December 06, 2010

On Borrowed Time

As a music fan, I’ve always enjoyed the passive listening experience – radio, music television, Muzak, jukeboxes – but I’ve always felt the need to own the music that I love. Whether it’s meticulously taxonomized in file folders on my laptop or painstakingly alphabetized on a wall full of shelves, ownership of the thing has always meant something.

I can never understand the appeal of these subscription-based streaming music services like Rhapsody. Sure, they give you access to a large catalogue. But so does a library. And sometimes you don’t want to just borrow a book, you want to own it.

Besides my hulking music collection – now dramatically reduced after moving to Queens – I’ve never owned much of significance. In my bedroom growing up, my father constantly reminded me and my sister, “That carpet is ours. When you sit on it, you’re borrowing it from us.” When I went away to college, my father bought me a mini fridge and said, “Just remember. We own this. You’re borrowing it.” Not surprisingly, I chose to buy my own microwave, just so that it would be mine.

I’ve never owned a home, only rented a number of apartments scattered across three boroughs in New York City. Even in my apartment now, despite my roommate’s protestations and my rent payments, I still feel like I’m borrowing my room from him. When I’m not there, I’m finding some other place to sleep: a hotel room, a couch or a guest bedroom.

I’ve never owned a car. In college, I borrowed several friends’ cars to drive to the mall, or Pizza Pub, or to the beaver pond where my senior seminar biology project lie rotting in the sun. I’ve rented dozens (if not hundreds) of cars on business trips and vacations, which has taught me to quickly acclimate to each new piece of heavy machinery I am to operate. And if something happens to the car – a lost hubcap, a scratch on the door – I can simply return the car silently and hope the rental agency doesn’t notice.

During this trip to LA, Steve not only let me crash at his place while he was on vacation, but offered to let me borrow his car. Eager to save money, I jumped at the chance, with the caviat, “If you feel comfortable letting me do that…”

Despite all my best intentions, I ended up in a tight squeeze and cracked the front parking light on a pole in one of those typical LA subterranean garages.

The horror.

Amidst my apologies and offers to reimburse the repair costs, and the sinking feeling that I let a friend down and never deserved his trust, one thought keeps nagging at me: I wish I owned my own.

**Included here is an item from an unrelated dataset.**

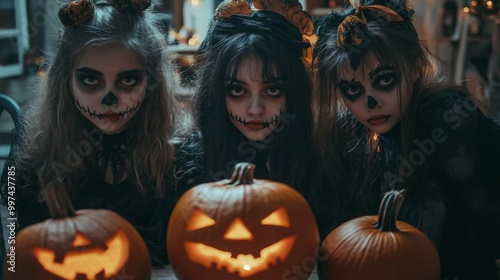 Fototapeta premium Halloween Themed Photoshoot with Pumpkins and Witches in the Forest

It’s one thing if something happens to a car you pay for and rent. It’s another thing when it happens to a car you borrow as a favor and have to return to its owner, who has to drive it.

But if I owned my own car, whatever happened to it would be entirely up to me. And damage, repair, and loss are necessary components of ownership.

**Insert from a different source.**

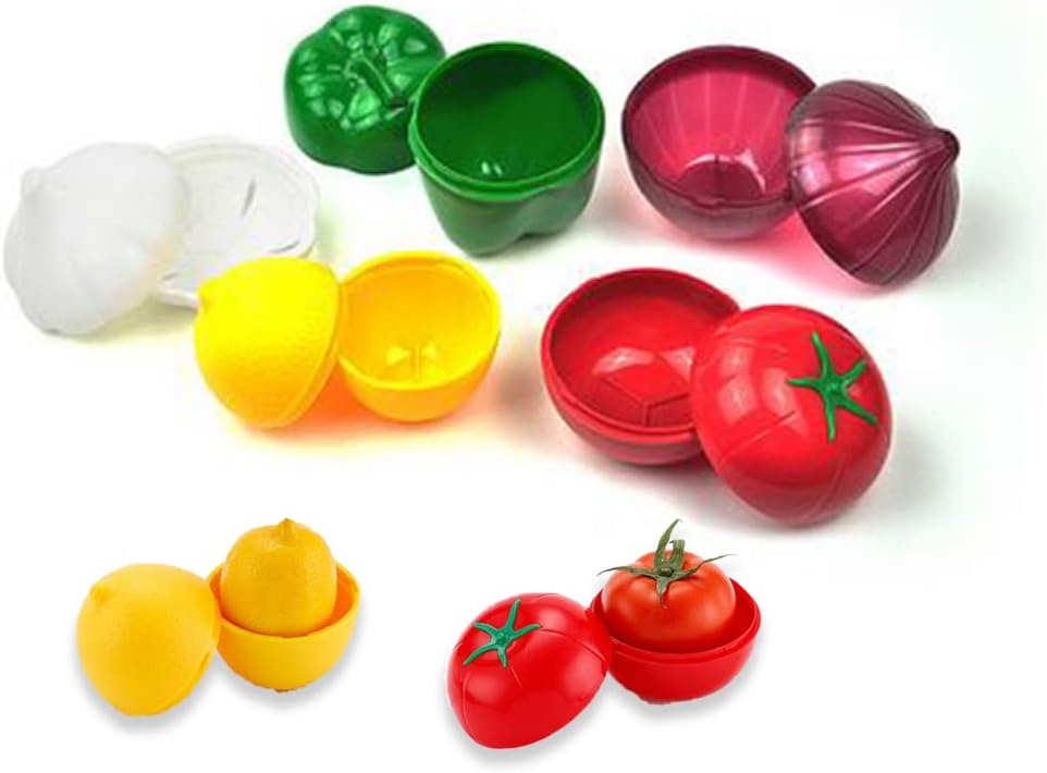 Unique yellow lemon onion garlic tomatoes pepper shape plastic box design is Life-like design for easy identification of contents in Fridge.

It’s not just a car. I wish I owned my own life. I wish I weren’t so dependent on the kindness of others, or on the professional services that cater to my transience. Taking life one day at a time, trying to make the most of each one, without knowing what lies at the end of the hike, I feel like I’m living on borrowed time. I don’t know from whom I’ve borrowed it, or when I’ll have to give it back. But right now, it doesn’t feel like mine, not mine at all.

Related reading:
A Room of One’s Own – Virginia Woolf
Avoiding Regret: Life on the Curb

To become a fan on Facebook, click here.


  1. Avoid Regret by paying for the damage. Insist! It's not optional. For goodness' sake, do the right thing.

    You'll feel much better. So will the owner of the car.

    I can't imagine someone crunching my car and NOT offering to pay for repair. Is common courtesy becoming uncommon?

  2. Absolutely. I've already noted in this blog post my offers to reimburse the repair costs. It's not only the right, but also the grown-up, thing to do. This wasn't necessarily the *point* of this post, but thanks for drawing attention to an important issue of taking responsibility of one's actions.

  3. Sandi, I shouldn't have used the word "offering", because you're right, you did offer. What I meant was, don't accept Steve's refusal of your offer. Be adamant.

    And thank YOU for a thoughtful piece about your circumstances. If you are able to find a job that is meaningful to you, a sense of purpose and independence will surely help to lift your spirit.